WHAT YOU WILL DO =
Give back the records below verbatim, please, but without a single image.

PROVIDED RECORDS =
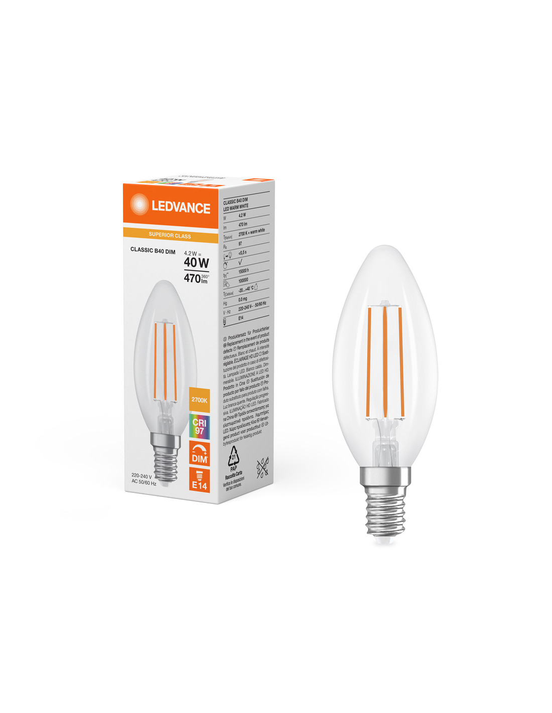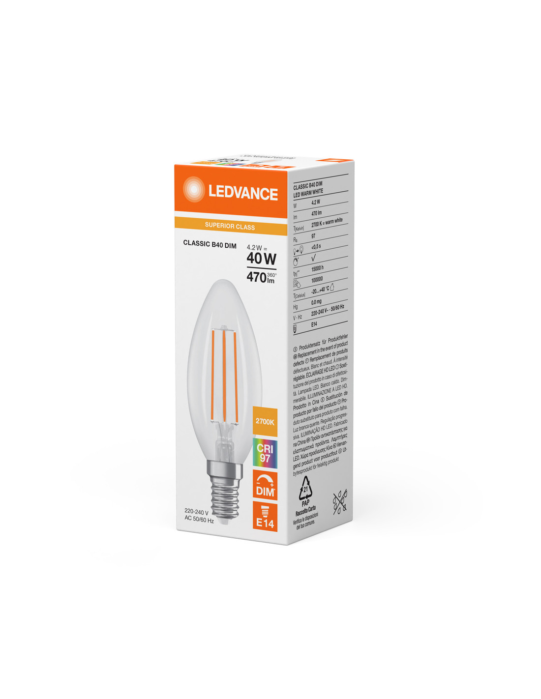 ŻARÓWKA LED S CLB40 DIM 4,2W 2700K ciepła biała CRI90 E14 CRI97 FIL CL 470LM
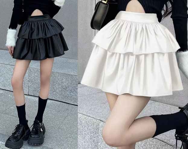 - 全2色 ミニスカート ハイウエスト フリルスカート かわいい L ブラック
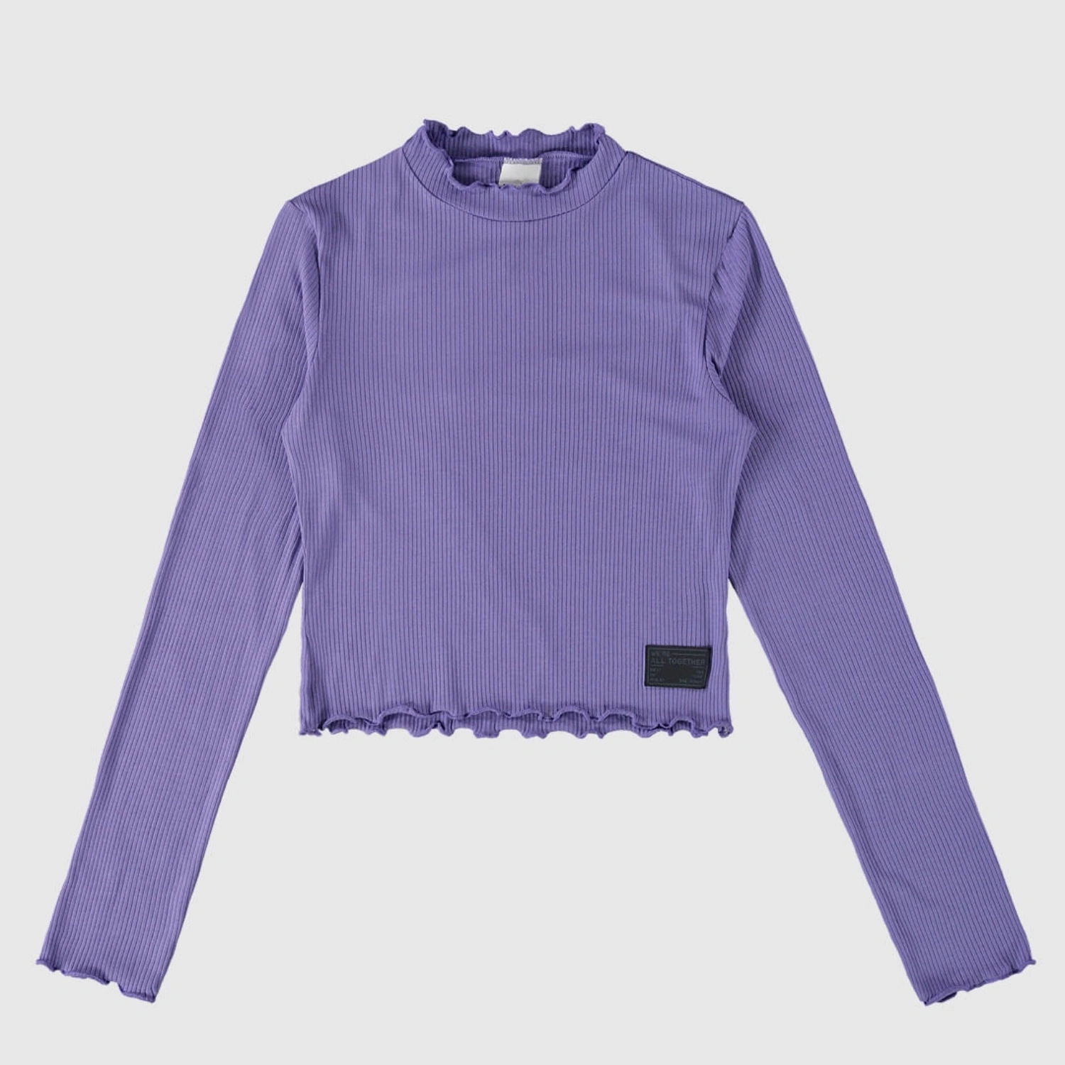 Cropped long-sleeve top for teen girls made from ribbed knit fabric, featuring a round neckline and delicate picot-edge finishing. A stylish and comfy piece for casual looks or layered outfits.
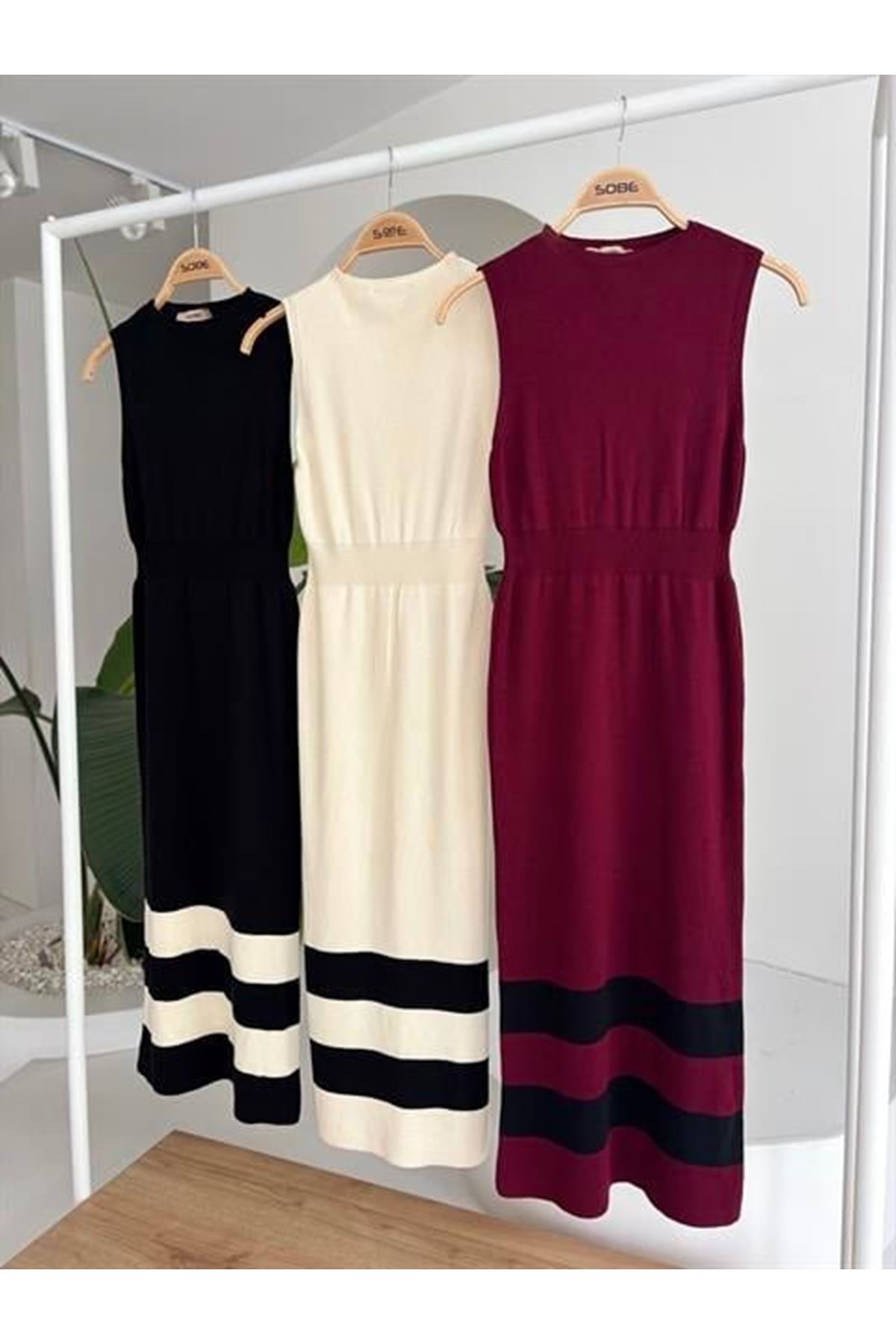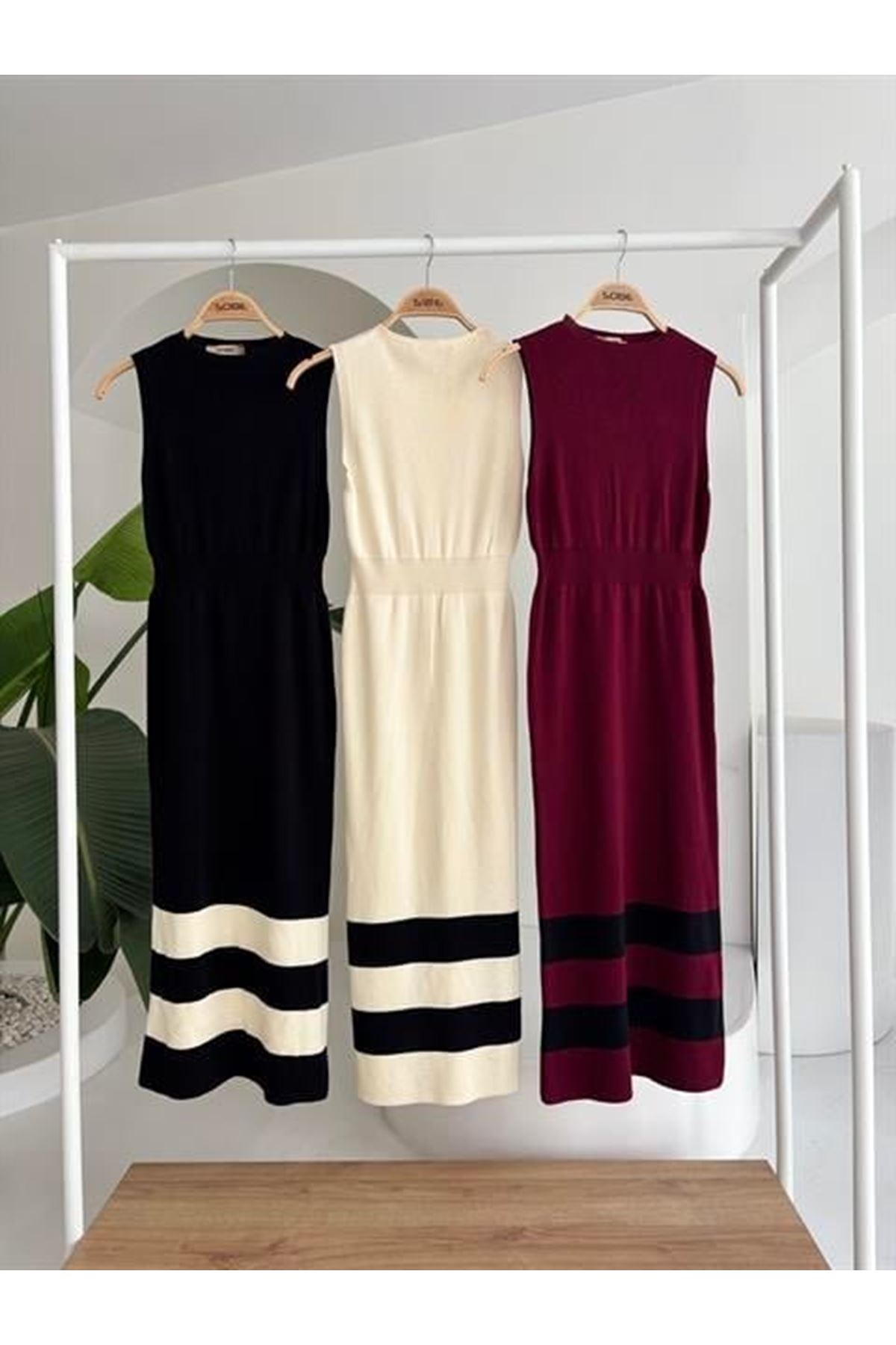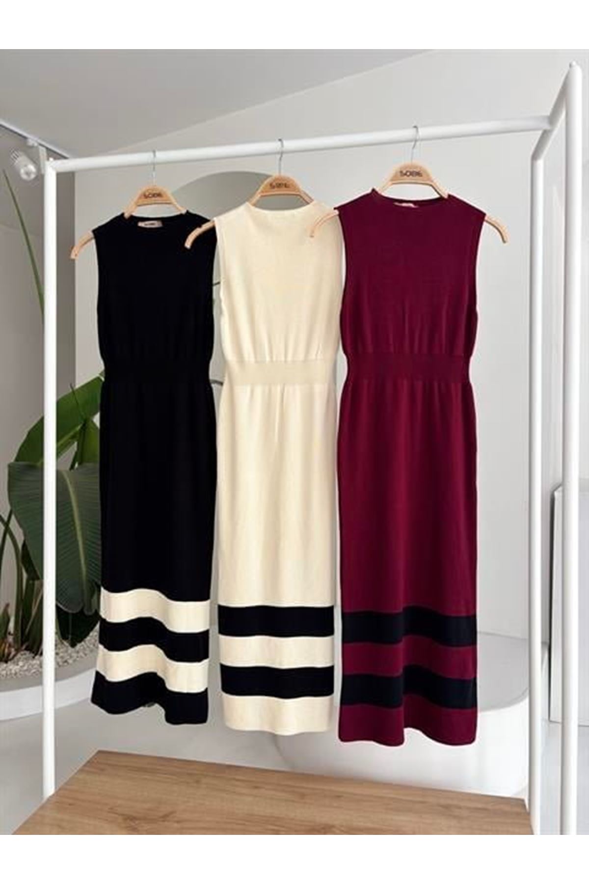 Etek Ucu Şerit Detaylı Triko Elbise 2831
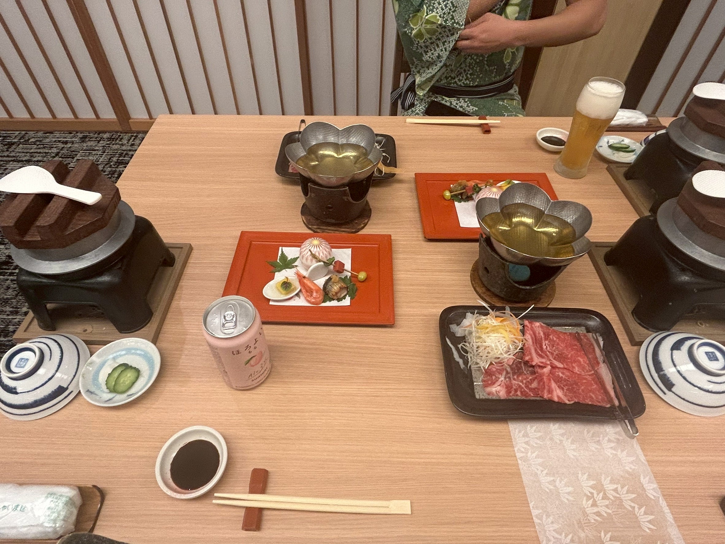 ホテルのコース料理はどれも美味しく、特にしゃぶしゃぶのお肉が絶品でした。

TASK ANSWER =
 ŻARÓWKA LED S CLB40 DIM 4,2W 2700K ciepła biała CRI90 E14 CRI97 FIL CL 470LM
 - 全2色 ミニスカート ハイウエスト フリルスカート かわいい L ブラック
 Cropped long-sleeve top for teen girls made from ribbed knit fabric, featuring a round neckline and delicate picot-edge finishing. A stylish and comfy piece for casual looks or layered outfits.
 Etek Ucu Şerit Detaylı Triko Elbise 2831
 ホテルのコース料理はどれも美味しく、特にしゃぶしゃぶのお肉が絶品でした。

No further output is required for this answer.